DESCRIPTION OF THE INVENTION

(4) FIG. 1 shows an example of use of an inventive industrial VPN tunnel.

(5) Control messages 103 are exchanged between an activated mechanism 101 and a field device 102 (e.g. signal, diplexer, barrier). Communication is effected e.g. via an Ethernet network or an IP network. These control messages are transmitted via a network 104 which is potentially exposed to attacks (e.g. a public accessible network, the internet, WLAN, mobile radio network). A VPN box 105, 106 is therefore provided on both the activated mechanism and the field device, and cryptographically protects the control messages during transmission via the network. An IPsec, IKE, SSL, TLS, MACsec, L2TP, PPTP protocol can for example be used for this purpose.

(6) The bottom VPN box 106, which is connected upstream of the field device 102, uses a secret key of the field device 107 (FD key) when setting up the VPN link in order to install a session key SK to protect the control messages.

(7) Several variants are possible, which differ in the way in which the secret key of the field device is used:

(8) Field Device as a Security Token (No Key on VPN Box)

(9) Certificate and private key are stored on the field device itself and are read from there. The VPN box accesses a “chipcard functionality” of the field device in order to set up a VPN tunnel assigned to the field device.

(10) The communication channel between VPN box and field device can be physically protected, i.e. can be inaccessible to an outsider. This can be effected via the same physical interface as the control data communication or via a separate, second interface. Optionally communication can be encrypted on this interface.

(11) Field Device Authentication by VPN Box

(12) A key assigned to the field device on the VPN box is used or activated (released or decrypted for use) only if the VPN box can authenticate the assigned field device. This can also be effected by a human user by entering a PIN or a password during a VPN setup. A key stored on a security token (e.g. on a chipcard) cannot be used until the security token has been activated by entering the PIN.

(13) FIG. 2 shows a variant in which the VPN box 201 has a field device certification authority (CA). The VPN box can thus generate a digital certificate and key 202 assigned to the field device. This digital certificate contains a device ID of the field device. The VPN box thus contains an integrated CA functionality. This certificate is generated or used only if the VPN box can authenticate the corresponding field device.

(14) This digital certificate can be permanent or temporary. A temporary certificate is only valid for a single VPN session.

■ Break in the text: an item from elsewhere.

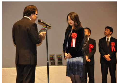
12月12日に行われた表彰式

デザインの耐久性も飽きのこない大人好みであるゆえ、審査員一同の意見が一致し、大賞としてその価値をたたえることとした。

(15) FIG. 3 shows another variant, in which the field device 301 has an integrated CA. Thus the field device can issue a digital certificate for a VPN key stored or generated on the VPN box. This digital certificate is used by the VPN box during the setup of a VPN link 302 (certificate signing request (CSR)).

(16) The latter two variants in particular require little administration, because the generation of the key material and the certification can run autonomously, e.g. without any intervention by a service engineer. The VPN box can in both cases also be used to link several field devices. The corresponding key establishment must then be performed in pairs here between the VPN box and the respective connected field device.